Application data
.NET .NET Core Asynchronous C# Entity Framework Core Performance SQL Swagger Visual Studio Web API

How to use Bulk Updates and Batching with Entity Framework Core

Welcome to today’s post.

In today’s post I will discuss how we can apply batching with Entity Framework Core.

With batching we can apply more than one INSERT or UPDATE operation to an SQL table with one command. What this means is a command is sent on one trip to SQL database, the operations are applied against the table, then a response is provided to the calling client. Being able to issue one command and response is the most efficient way we can apply the command from our client or API method.

In the first section I will show how to batch operations with data inserts, then later apply batch operations with inserts and updates.

Insert Batching Operations

I will first show how this works for an INSERT batching operation.

Suppose I have a JSON data file that consists of records that I would like to bulk insert into my Books database:

[
	{
		"title": "Test Book 1", 
		"author": "Test1, Author", 
		"yearpublished": 1814, 
		"edition": "Penguin", 
		"genre": "Fiction", 
		"isbn": "1", 
		"mediatype": "book",
		"location": "sydney"
	},
	…
	{
		"title": "Test Book 20", 
		"author": "Test20, Author", 
		"yearpublished": 1993, 
		"edition": "Penguin", 
		"genre": "Fiction", 
		"isbn": "20", 
		"mediatype": "book",
		"location": "sydney"
	}
]

What I have done is to format the data as a JSON array, with the JSON objects enclosed within brackets [ … ].

I then implement an API controller that when run, will receive the above JSON array as an input, then call a service method to batch insert the JSON records into a Books table.

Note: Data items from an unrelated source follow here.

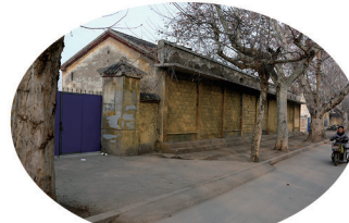
1964年至1986年12月31日使用的枣庄汽车站尚未拆除的部分建筑物，现已建设为红旗小学西校区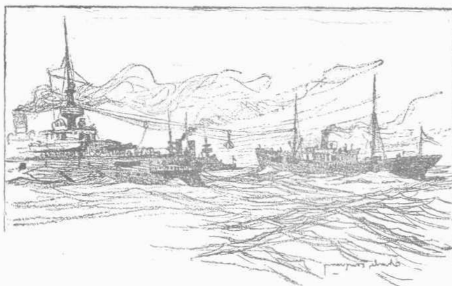
ΑΝΘΡΑΚΕΥΣΙΣ ΤΟΥ ΡΩΣΣΙΚΟΥ ΣΤΟΛΟΥ ΕΝ ΜΕΣΩ ΠΕΛΑΓΕΙ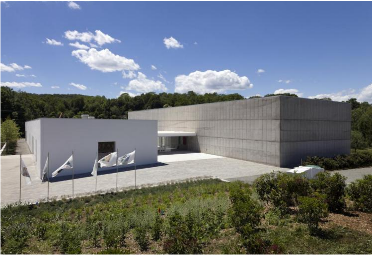
Magazzino Italian Art, Cold Spring, New York. Courtesy Magazzino Italian Art, New York.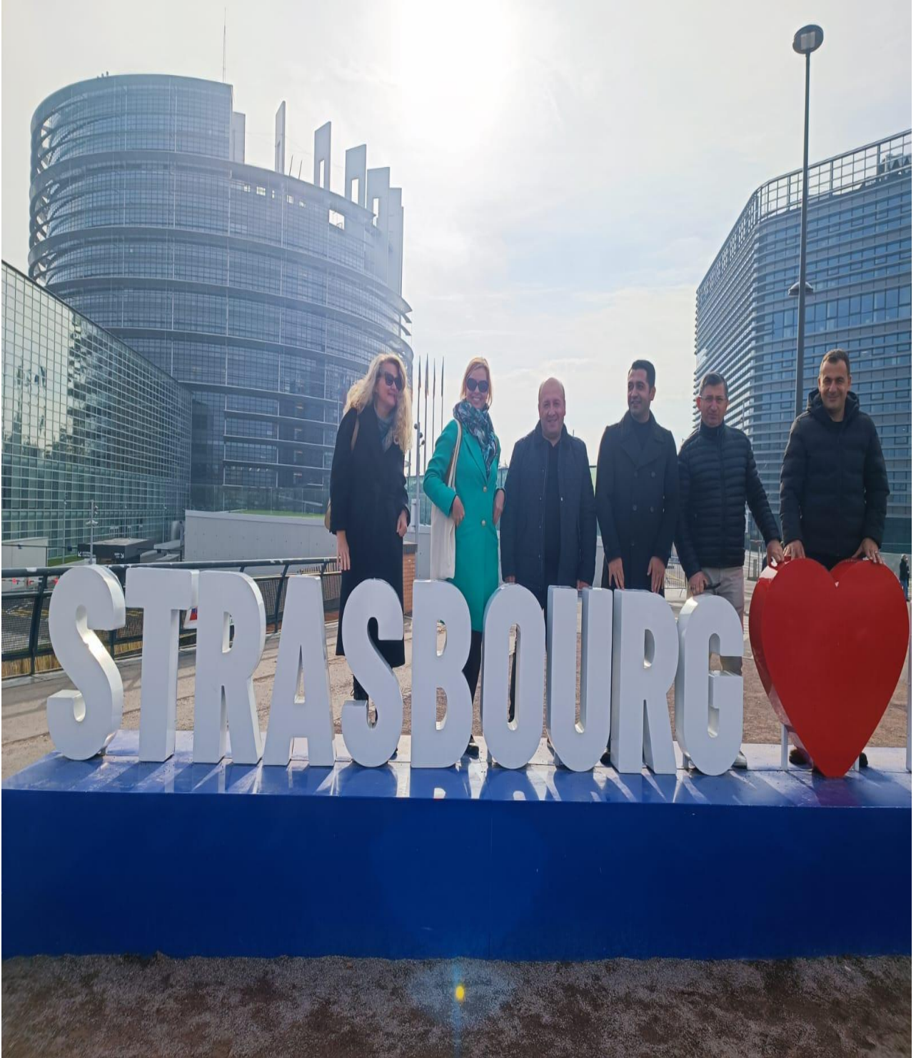
Avrupa Parlamentosu Binası Önü (Strasbourg/FRANSA)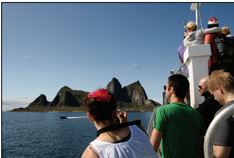
På vei til festival i havgapet.

Trænefestivalen ytterst på Helgelandskysten gjennomføres som ” et spleiselag for å få utført oppgaver ”. Det fortelles at ”alle” bidrar, og personer i ledelsesposisjoner i kommunen er aktive også som frivillige. Siden festivaloverskudd går til overføringer til kulturformål og foreninger kommer det innbyggernes sosiale og kulturelle virksomhet ellers i året til gode. Dessuten låner festivalen ut utstyr til kulturskolen.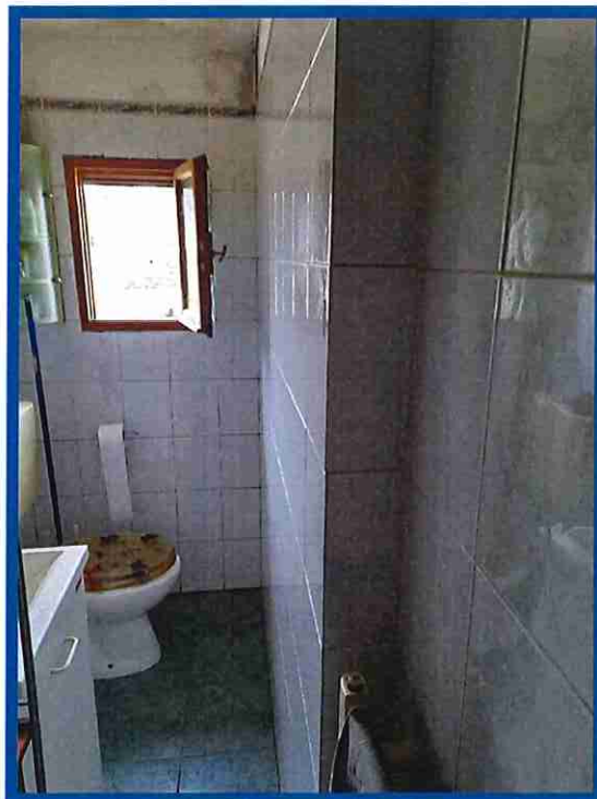
7 - Bagno di servizio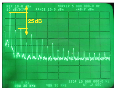
Bild A1: Spektrum eines 500-kHz-Sinussignals im Bereich bis 10 MHz

Ergänzend zum Beitrag präsentieren wir hier noch einige Bilder, die in der gedruckten Ausgabe keine Platz mehr fanden.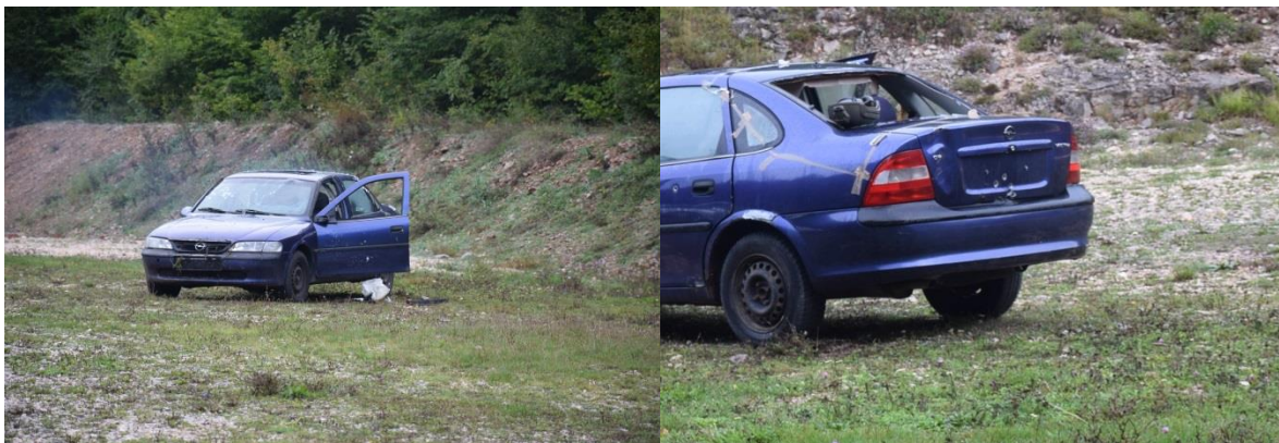
Slika 5. Prednja i stražnja strana vozila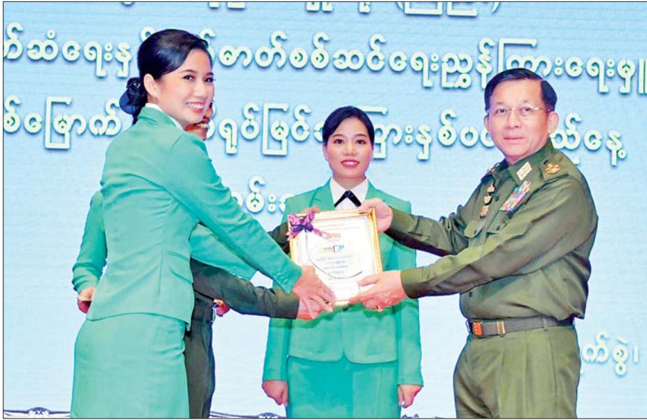
နိုင်ငံတော်စီမံအုပ်ချုပ်ရေးကောင်စီဥက္ကဋ္ဌ တပ်မတော်ကာကွယ်ရေးဦးစီးချုပ် ဗိုလ်ချုပ်မှူးကြီးမင်းအောင်လှိုင် ရှုရှားနိုင်ငံတွင် ကျင်းပသည့် နိုင်ငံတကာတပ်မတော်အားကစားပြိုင်ပွဲ ရိုးရာယဉ်ကျေးမှုပြိုင်ပွဲတွင် အဆို၊ အက၊ အတီးပြိုင်ပွဲ၌ ဆုရရှိခဲ့သည့် မြဝတီတေးဂီတနှင့် အငြိမ်းအဖွဲ့ကိုယ်စား တပ်ကြပ်အောင်အောင်ထက်နှင့် ဒုတိယအရာခံဗိုလ်(အစားခန့်) ဒေါ်သန္တာလင်းတို့အား ဆုပေးအပ်ချီးမြှင့်စဉ်။

ပြီး ရုပ်မြင်သံကြားသည် အရပ်ရောအသံပါ အားပြုလုပ်ဆောင်ရသည်ဖြစ်ပါကြောင်း၊ ထို့ကြောင့် ပိုမို၍ ကရုဏာကြရန်လိုပါကြောင်း၊ အသံအနေအထား၊ အမူအရာ၊ ဝတ်စားဆင်ယင်မှု၊ ရုပ်သွင်ပြင်လက္ခဏာကအစ အသေးစိတ်ဂရုပြု၍ ဆောင်ရွက်ကြရမည်ဖြစ်ပါကြောင်း၊ လူများ၏စိတ်ကို ဆွဲဆောင်နိုင်စွမ်း၊ တက်ကြွလာအောင် Motivation လုပ်နိုင်စွမ်းသည်လည်း မြင့်မားကြောင်း၊ ပြည်သူ့အပေါ် အသိပညာဗဟုသုတပေးနိုင်ရေး၊ နောင်တစ်ချိန်တွင် နိုင်ငံတာဝန်ထမ်းဆောင်ကြမည့်၊ နိုင်ငံတော်ကို ထုဆစ်ပုံဖော်ကြမည့်၊ လက်ဆင့်ကမ်းတာဝန်ယူကြမည့် လူငယ်လူရွယ်များလမ်းမှားမရောက်စေရေး၊ ပညာ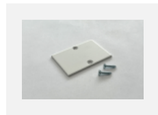
145-50101, B 2xkoncovka - kov, šroubová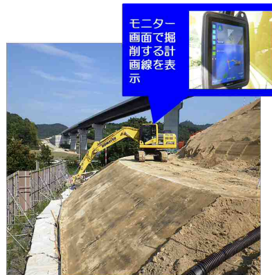
【MCバックホウによる施工状況】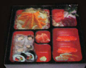
F23. Bento box..... 29,80 € (spécialités) (1,2,3,4,10,11)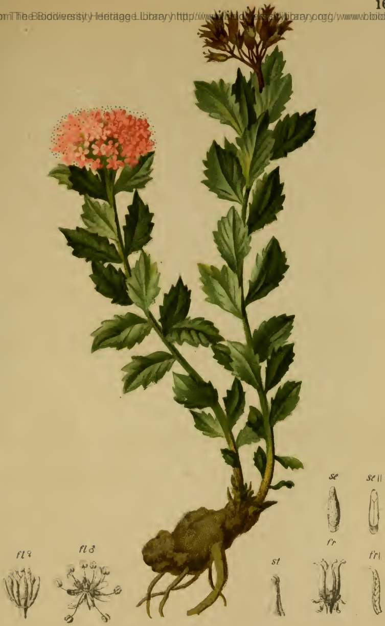
Rhodiola rosea L. — Gemeine Rosenwurz. Alpenkette, trockene Stellen, 1300–2200 M., auf Urgestein, Juni, Juli.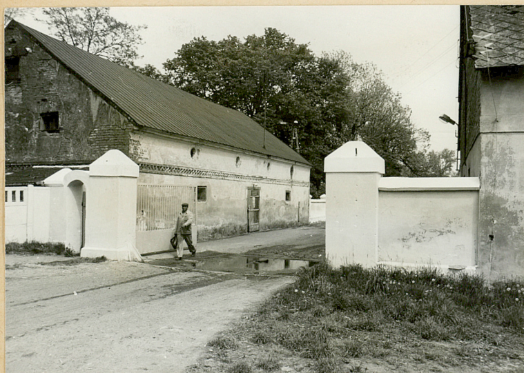
1. Brama wjazdowa na teren folwarku z szosy Konin - Wilczyn. Widok z zach.

The API controller method is shown below:

[HttpPost("api/[controller]/BulkInsertBooks")]
public async Task<ActionResult> BulkInsertBooks(
    [FromBody] List<BookViewModel> model)
{
    try
    {
        await _bookService.BulkInsertBooks(model);
        return Ok();
    }
    catch (Exception ex)
    {
        if (ex.InnerException != null)
            return BadRequest(
                $"Cannot insert book records: {ex.Message}, 
                inner exception: {ex.InnerException.Message}"
            );
        return BadRequest($"Cannot insert book records: {ex.Message}");
    }
}

The API request is an HTTP POST method:

http://localhost:25138/api/Book/BulkInsertBooks

The JSON array request body payload is bound and converted to the input parameter, which is a list collection:

[FromBody] List<BookViewModel>

The service method BulkInsertBooks() takes the converted list of book objects, iterates the list, then appends each book object as a record into the current data context. Finally, the appended records are committed to the data context.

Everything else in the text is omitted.